The data
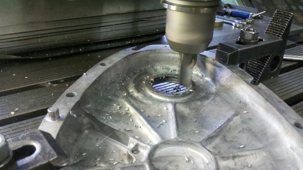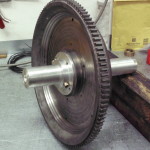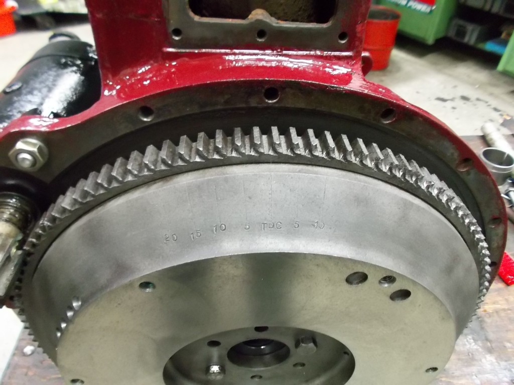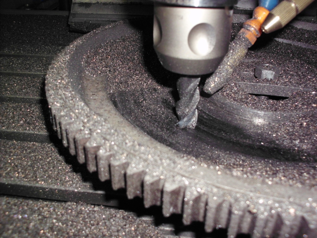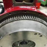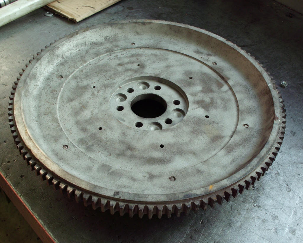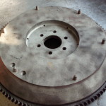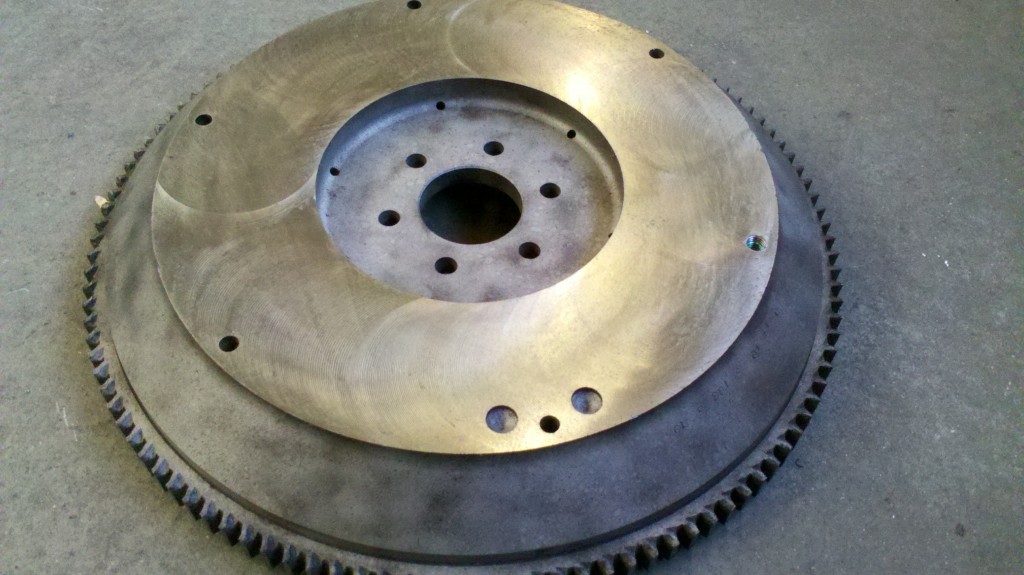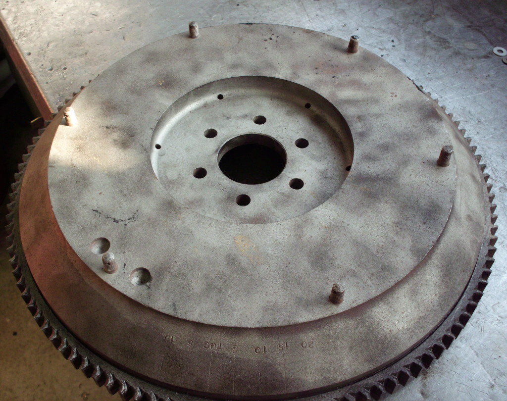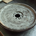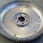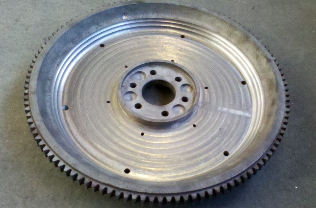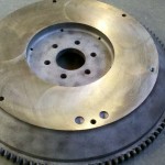 Zu Beginn der Bearbeitung wurde das Schwungrad gestrahlt. Im Rahmen der sportlicheren Auslegung des Triebwerks soll das Schwungrad erleichtert werden. Um dem Motor trotz Erleichterung der Schwungmasse noch einen ruhigen Leerlauf zu erhalten, haben wir eine gemäßigte Gewichtsreduzierung eingeplant. Das Gewicht des enorm schweren Schwungrades wurde um ca. 6 kg reduziert. Nach der Erleichterung wurde noch die Reibfläche plangefräst um eine 100{20de0094b84ab31f15d8e893bd427a4a876ff73c91e9d8d921ea99031f098016} Kraftübertragung sicher zustellen. Da die Schraubenköpfe der Schwungradschrauben stark beschädigt waren, wurden neue Schrauben angefertig. Zu guter Letzt wurde das Schwungrad dynamisch feingewuchtet.
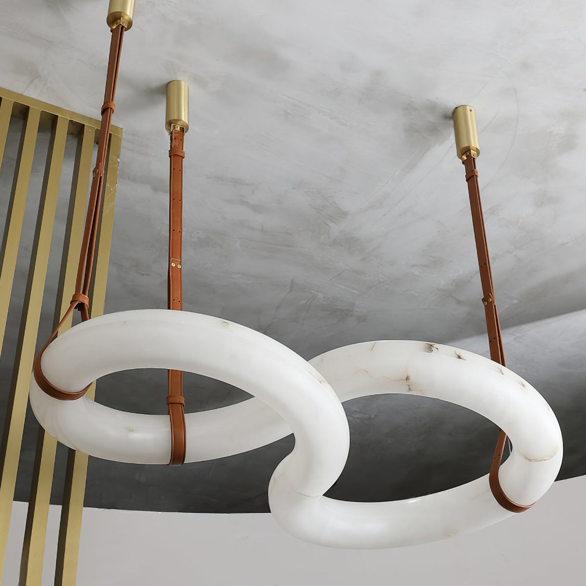 - Suspended by three slender, leather ropes, Infinity 8H Pendant Light evokes a sense of effortless grace. This unique suspension method adds a touch of unexpected lightness to the substantial form of the chandelier, making it a truly magnetic presence in any space.
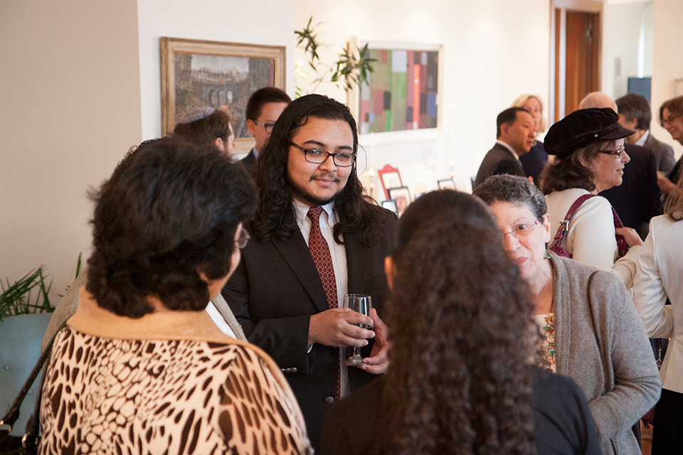 Nico Montano and his family talk with selection committee member Professor Carol Berkin.

What you have to do
Return, exactly as they stand, all of the lines above, but not the pictures.

Task result
 Zu Beginn der Bearbeitung wurde das Schwungrad gestrahlt. Im Rahmen der sportlicheren Auslegung des Triebwerks soll das Schwungrad erleichtert werden. Um dem Motor trotz Erleichterung der Schwungmasse noch einen ruhigen Leerlauf zu erhalten, haben wir eine gemäßigte Gewichtsreduzierung eingeplant. Das Gewicht des enorm schweren Schwungrades wurde um ca. 6 kg reduziert. Nach der Erleichterung wurde noch die Reibfläche plangefräst um eine 100{20de0094b84ab31f15d8e893bd427a4a876ff73c91e9d8d921ea99031f098016} Kraftübertragung sicher zustellen. Da die Schraubenköpfe der Schwungradschrauben stark beschädigt waren, wurden neue Schrauben angefertig. Zu guter Letzt wurde das Schwungrad dynamisch feingewuchtet.
 - Suspended by three slender, leather ropes, Infinity 8H Pendant Light evokes a sense of effortless grace. This unique suspension method adds a touch of unexpected lightness to the substantial form of the chandelier, making it a truly magnetic presence in any space.
 Nico Montano and his family talk with selection committee member Professor Carol Berkin.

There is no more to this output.